逃げることに必死でそれどころではなかったのか、子供は悪魔の姿を見て驚いた。


「角が生えた動物だと思ってたんだけど…………」


今の悪魔の姿は、背中に羽を生やしくるくるとした羊の角が生えた子犬だ。
一見すれば魔物の幼体と変わらない。
瞳の金色だけが悪魔であることを物語っているが、この子供はそのことは知らないらしい。
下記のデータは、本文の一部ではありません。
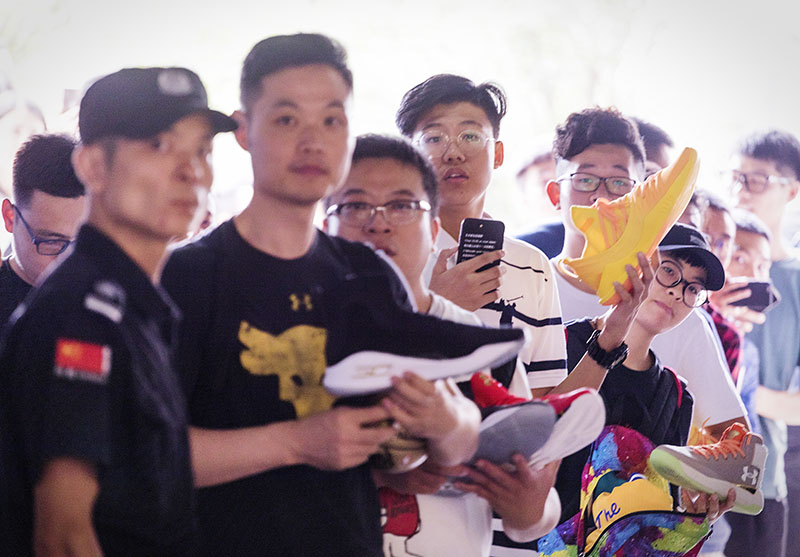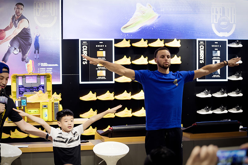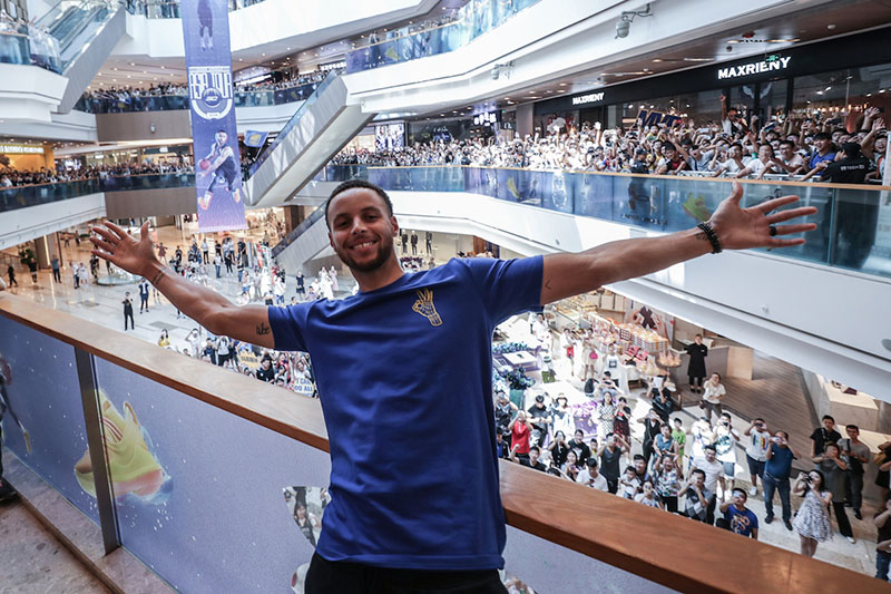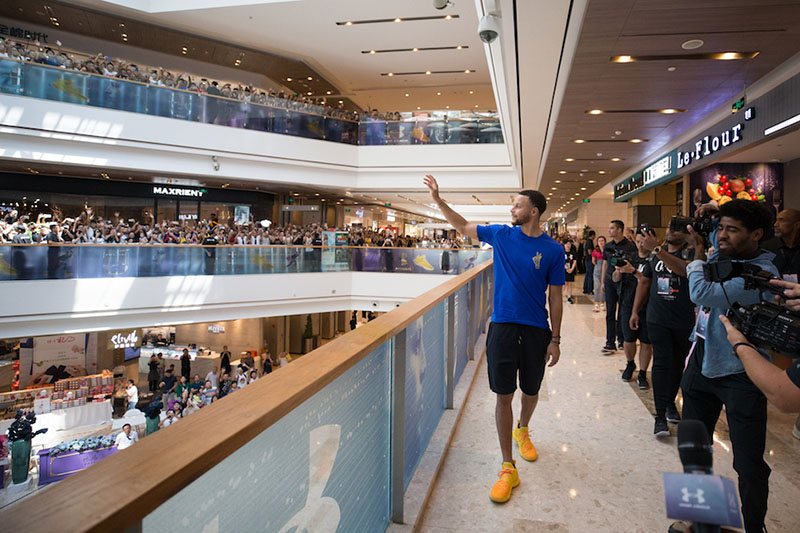 当天上午的第一个活动,库里来到武汉壹方 UA 旗舰店,偌大的商场被粉丝围的里三层外三层。

「あんたもイジメられたの? ひどい傷…………どうしよう薬なんて持ってないし」


子供が悪魔の背中を撫でる。
痛いに決まってるがそれに答える余裕はない。
本格的に限界が近くなってきたのだ。


「体冷たくなってきてる…………どうしたらっ」


霞み出した視界の端に焦る子供の顔が映る。


(どうしたらも何も悪魔なんぞ放っておけばいいだろうが…………)


人間にとって魔物も悪魔も厄介者だ。
敵だと言っても良い。
人の負の感情を糧に生き、血や魂で快楽を得る。
正しき道から堕落に導く悪しき者。
喜ばれはすれども、死を哀しまれることなどない。


(やっぱろくでもねぇな…………)


霞んでいた視界がいよいよ見えなくなってきた時、ぐっと口の中に何かが入り込んできた。

反射で吐き出そうにも力は入らず、舌が異物に触れた。


(…………っ!?)


血の味だった。
何故と考える余裕はなかった。
考えるよりも本能が勝り、無我夢中で牙をそれに立て血を啜る。

血が喉を通っていくにつれ、体中に力が巡り出す。
体の細胞が急激に活性化していくのがわかった。



腹が満たされ悪魔が我に返ると、子供がこちらをにこにこしながら眺めていた。


「あ、落ち着いた? 魔物は人の血で傷が治るって聞いてたけど本当の話でよかった」


そう言って悪魔の背を撫でた。
それが妙に心地好くて悪魔はその目を閉じた。


「眠いの? 魔物も眠くなるんだ」


(魔物じゃなくて悪魔だけどな…………)


そう思ったが、迫りくる睡魔が思考を奪いうなり声すらでなかった。
悪魔の体が小さく上下するのを見て、子供は嬉しそうにその背を一撫でする。


「…………おやすみ。あんたはみんなと仲良くやれるといいね」


小さく呟かれた声は悪魔の耳には届かなかった。



悪魔が目を覚ますと子供はもう見当たらなかった。


(腹一杯になって寝るとか子供か俺は)


自分にあきれながらも固まった体を伸ばすともう痛みはなかった。
血を啜ったお陰で大方傷は治ったらしい。
呪いは解けてはいないが、これに関しては一度魔界に帰らないとどうにもならないので仕方がない。
とりあえず傷さえ治れば魔界へ繋がる門まで行けばいいので問題はないが。


それよりも。


(あいつ…………何も言わずに行きやがった)


自分に血を与えた子供。
自身も傷だらけだったのに、他人の、それも悪魔の怪我を心配していた。


(加減せず飲んじまった…………)


意識を失う寸前に見た子供の顔は、笑っていたが顔が少し青くなっていた。おそらく軽い貧血寸前だったはずだ。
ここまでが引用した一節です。